Se jornais e revistas falharem nessa missão, poderão ser perfeitamente substituídos pelo sistema eletrônico de informações do BC. Aí então, quem sabe, a opinião pública poderá dormir em paz. Enquanto o mercado pega fogo.

Furos
Há seis semanas, na coluna "OAS, ACM, FHC", queixei-me da carência de furos importantes nas páginas da Folha. Esta semana foi de fartura. Os leitores do jornal puderam ler duas denúncias exclusivas e importantes: o apoio do governo petista do Distrito Federal a uma manifestação-monstro contra a reforma constitucional, na quinta-feira, e a revelação do esquema de financiamento do presidente da central Força Sindical, Luiz Antônio de Medeiros.
No primeiro caso, foi uma bordoada na administração de Cristovam Buarque, o ex-reitor da UnB que virou governador. De início, ele negou ter conhecimento da compra de 10.500 marmitas avalizada por Eurípedes Camargo, secretário de Participação Popular e Inclusão Social do Distrito Federal, mas depois voltou atrás.
Buarque agora afirma que vai pagar a conta, sim, mas só se não for ilegal. Quem viver, verá.
A outra denúncia atingiu um defensor da reforma constitucional. Foi formulada por um personagem dúbio, o ex-assessor da Força Sindical Wagner Cinchetto, mas reuniu uma quantidade acabrunhante de detalhes sobre as relações promíscuas do sindicalista de resultados com empresários.
À primeira vista, nada há de ilegal ou irregular nas doações. Medeiros se disse "aliviado" com a revelação, porque Cinchetto seria um chantagista. Nem o mercado deve ter acreditado em seu alívio.

Guacamaios X araras
A semana teve também uma mancada constrangedora.
Na segunda-feira, a seção GeoDados do caderno Folhateen —um quadro que o jornal compra da National Geographic Society dos EUA— tinha por tema um bicho de que nunca ouvira falar, "guacamaio".
Fiquei intrigado. Do hábitat à descrição do bicho, da alimentação aos desenhos, era um retrato acabado do que brasileiros chamam de araras.
Levantei a hipótese de que tivesse ocorrido erro de tradução, em minha crítica interna da edição. Prontamente, recebi resposta peremptória da editoria:
"A tradução está correta. Não existe uma palavra para 'guacamayos' em português, daí a opção da editoria por mantê-la no original, apenas trocando o y por i. Para a tradução, foi consultado o 'Dicionário de Espanhol-Português', de Julio Martínez Almoya:
'Guacamayo, s.m. zool. Espécie de papagaio da América, com plumagem vermelha, azul e amarelada e cauda muito comprida.'
"No mesmo dicionário, de Português-Espanhol, temos:
'Arara, s.f. ornit. Arara, ara, gênero de aves prensoras (...)'."

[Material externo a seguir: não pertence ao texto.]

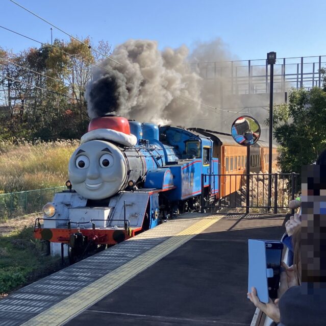 今回、おれが遭遇したのは、まさかのきかんしゃトーマス号!思っていた以上に汽笛の音が大きく、そして煙の迫力がすごい!モクモクと立ち昇る白い煙を目の前で見ると、大人でもテンション爆上がりです。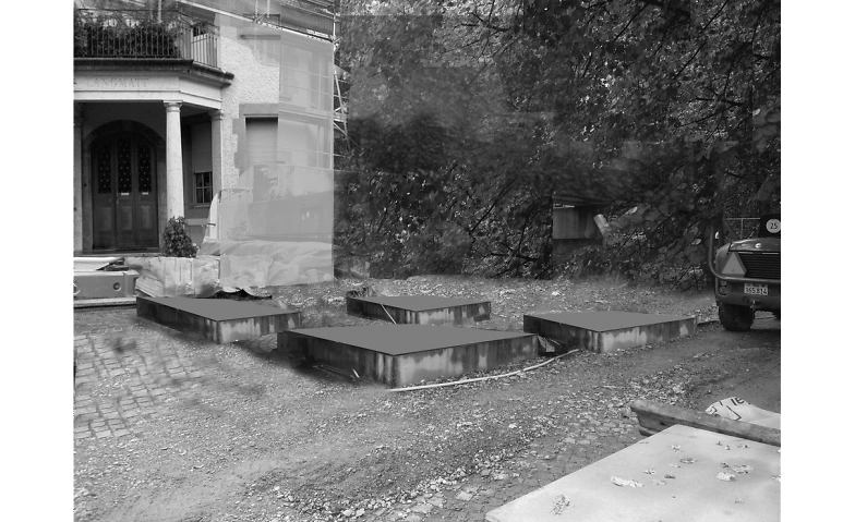 Mit bemerkenswertem Spürsinn öffnet Reto Boller in seiner neuen Arbeit eine überraschende Sicht auf das alte, kunsthistorische Thema des Sockels. Vier tonnenschwere Kransockel aus Beton verwandeln sich vor dem Haupteingang der Langmatt als Readymades in eine vielstimmige Intervention. Während eines kurzen Zeitfensters nach der Demontage des Baukrans und vor dem Abtransport der Sockel stellen sich hintergründige Fragen, ohne dass hierfür etwas neu gebaut oder umgebaut werden musste, insofern relevant, da Beton als bedenklicher CO2-Auslöser gilt.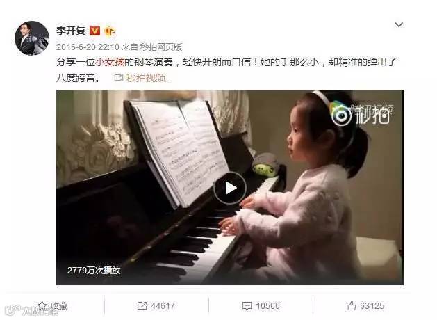 视频走红后,李开复也转发了她弹琴的视频,称赞她“手那么小,却精准地弹出了八度跨音。”

Retruquei que não tinha como avaliar a resposta, naquele momento, mas que iria checá-la.
Nem precisei procurar. Na quarta-feira, recebi uma carta indignada da ornitóloga Martha Argel, 33, pesquisadora da Unicamp. Ela espinafrava o jornal pelos erros, fornecendo até a denominação científica e o nome popular, no Brasil, dos "guacamaios" (um termo usado na Venezuela). O suposto "guacamaio de cor azul e amarela", por exemplo, seria a velha arara-canindé.
Pedi novos esclarecimentos à Redação, mas me abstenho de reproduzi-los. Digo apenas que, de 13 linhas, menos de uma foi usada para reconhecer o erro. O restante se esforça por apontar erro na carta da leitora, como se fosse este o texto sob escrutínio.
Em tempo: para apresentar a segunda resposta ao ombudsman, a editoria enfim se dignou buscar ajuda de especialistas (junto ao Zoológico de São Paulo). Se tivesse tomado essa providência no tempo devido, teria poupado seus leitores de um erro crasso.